# The closer...



## orvis1 (Sep 7, 2007)

A young guy from Alberta moves to Vancouver and goes to a big "everything under one roof" department store looking for a job. 

The Manager says, "Do you have any sales experience?" 

The kid says "Yeah. I was a salesman back in Alberta ." 

Well, the boss liked the kid and gave him the job. "You start tomorrow. I'll come down after we close and see how you did. His first day on the job was rough, but he got through it. After the store was locked up, the boss came down. "How many customers bought something from you today? 

The kid says "one". 

The boss says "Just one?
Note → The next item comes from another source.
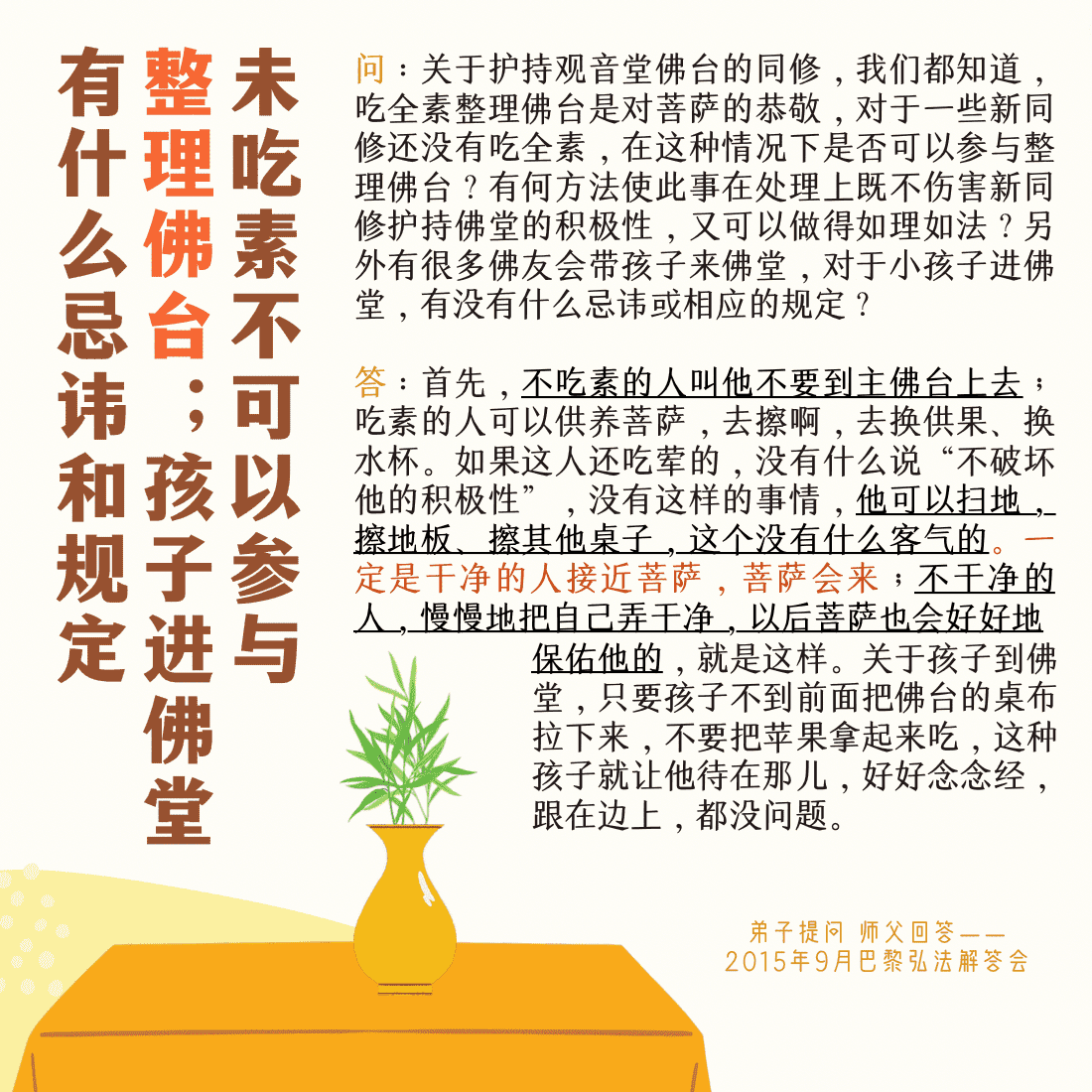 女听众:有位同修刚设佛台,他梦见晚上回家问他的母亲“你上香了吗?”母亲说无法上香,因为佛台很糟、很肮脏。他去看了佛台,佛台上的花瓶全部倒下破了。台长答:佛台真的肮脏了,就是手没弄干净什么的(他本身是还没有许愿吃全素)这肯定不行了(现实生活中,他早上上香,跟菩萨请示说他到底做了什么不如理不如法的事情,晚上又梦见我去他的家,我跟他说:“你准备了七道素食了吗?”就是要给同修们吃的,因为我带了同修又给他重新恭请菩萨)这个人脏,吃荤的人怎么弄佛台啊?(哦)

Our sales people average 20 to 30 customers a day. How much was the sale for?" 

The kid says "$101,237.65". 

The boss says "$101,237.65? What the heck did you sell?" 

The kid says, "First, I sold him a small fish hook. Then I sold him a medium fishhook. Then I sold him a larger fishhook. 

Then I sold him a new fishing rod. Then I asked him where he was going fishing and he said down the coast, so I told him he was going to need a boat, so we went down to the boat department and I sold him a twin engine Chris Craft. Then he said he didn't think his Honda Civic would pull it, so I took him down to the automotive department and sold him that 4x4 Expedition." 

The boss said "A guy came in here to buy a fish hook and you sold him a BOAT and a TRUCK?" 

The kid said "No, the guy came in here to buy Tampons for his wife, and I said, "Dude, your weekend's shot. You should go fishing."


----------



## JAT83 (Sep 9, 2007)

:lol: :lol: :lol: That's hillarious!


----------